Tuesday, June 15, 2010

125 - Pay off WAGER, then LOOT and CRAFT

First things first: a bet is a bet. You order M. BISON to drop off the five VARIOUS MONIES that you wagered to the NONOPTIC CANDAEMON. Hopefully it'll go towards his MEDICAL BILL. Even more hopefully, maybe he has INSURANCE. Your BISON is pleased with your decision to fulfill your end of your WAGER. +1 PET SATISFACTION!

While M. BISON nibbles on the WALKIE-TALKIE, you pick up the SABER and HORNS. You think you might just be able to make use of them...

(ANGLERFISH 1: Wake up.)
(The ANGLERFISH wakes up. He just had the weirdest thing happen to him. Minor heart attack or something. He decides to watch his HEART HEALTH. He'll flip over in a moment... just... give him a minute.)
You combine the HORNS with LIEUTENANT M. BISON to create LIEUTENANT M. BISON WITH DEMON HORNS. He is now a fully armed and operational BATTLE BISON! He is very pleased with this upgrade and hopes it will help him serve you better.

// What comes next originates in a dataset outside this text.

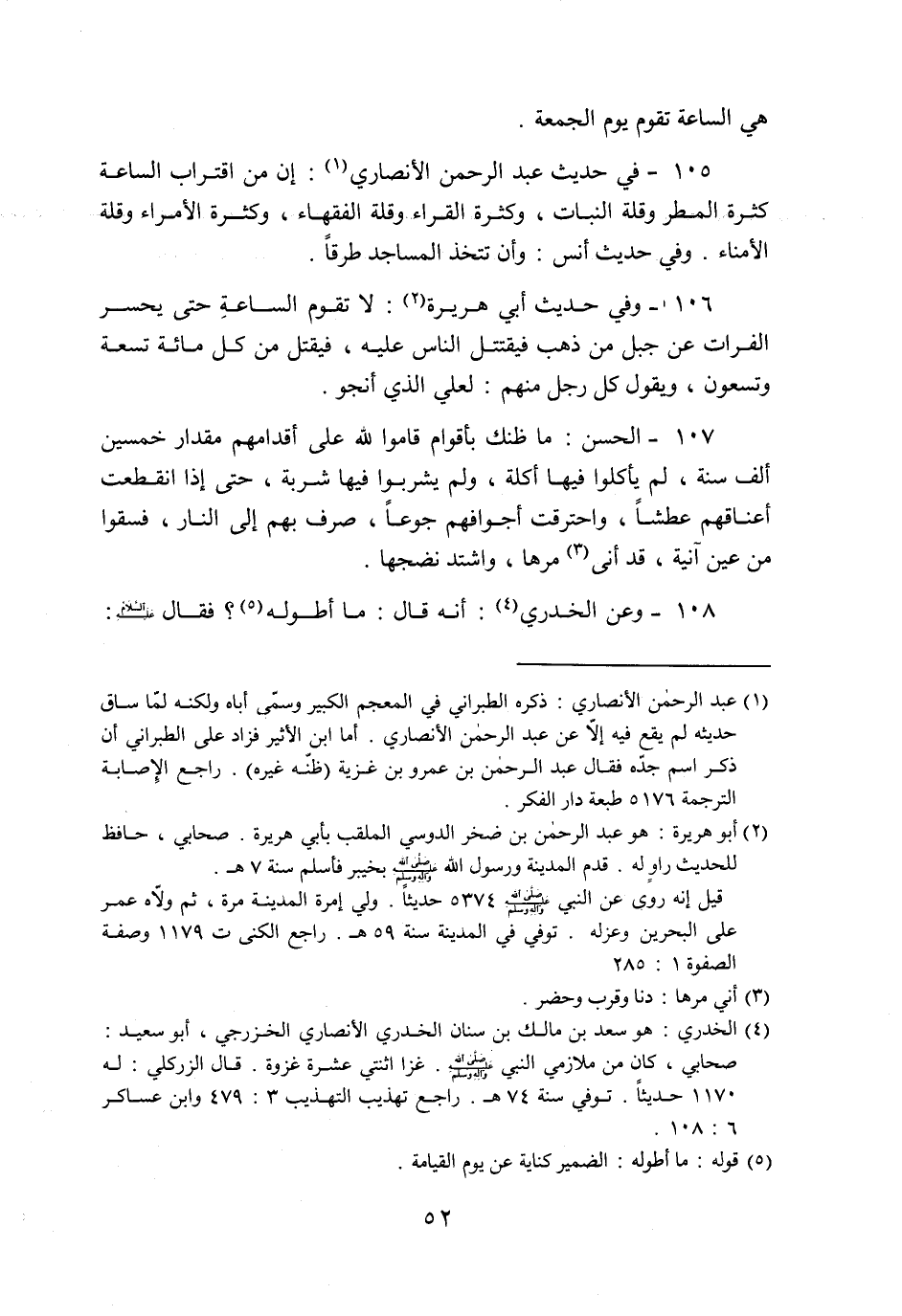 105- في حديث عبد الرحمن الأنصاري «1» : إن من اقتراب الساعة كثرة المطر وقلة النبات، وكثرة القراء وقلة الفقهاء، وكثرة الأمراء وقلة الأمناء. وفي حديث أنس: وأن تتخذ المساجد طرقا.

You also utilize your seven SCREWS (with your SCREWDRIVER) to combine the SABER and your HAIRDRYER to create a new weapon--- THE STYLIZER. This is a fashion accessory to murder. It blows hot air, cold air, and dead air, with a two foot long attachment great for dealing with tough hair tangles or Gordian knots. THE STYLIZER: Slice with style.

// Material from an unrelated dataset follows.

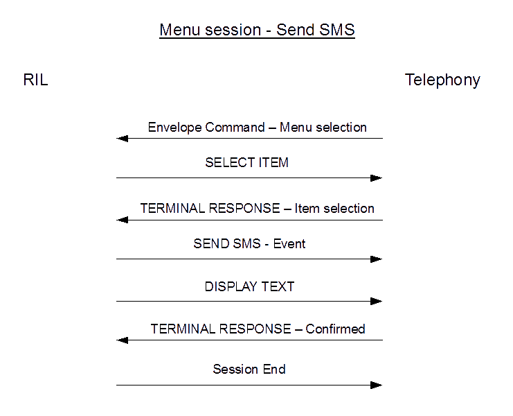 The Sim Toolkit communication flow is bi-directional and commands can originate from the STK RIL packaged in RIL_UNSOL_STK_PROACTIVE_COMMAND, RIL_UNSOL_STK_EVENT_NOTIFY, RIL_UNSOL_REFRESH and RIL_UNSOL_STK_SESSION_END messages.

(ANGLERFISH 2: Look around.)
(The ANGLERFISH has a vague memory of something scaring him, so he looks around. Maybe it was nothing. Maybe something about a... DUCK? At this depth? No DUCK could survive the pressure. Surely it was just his imagination... surely....)

You scoop up the WALKIE TALKIE and listen to it. Someone is demanding to know if everything is under control where you are. They sound very official. You decide to GUILE ATTACK the problem head on.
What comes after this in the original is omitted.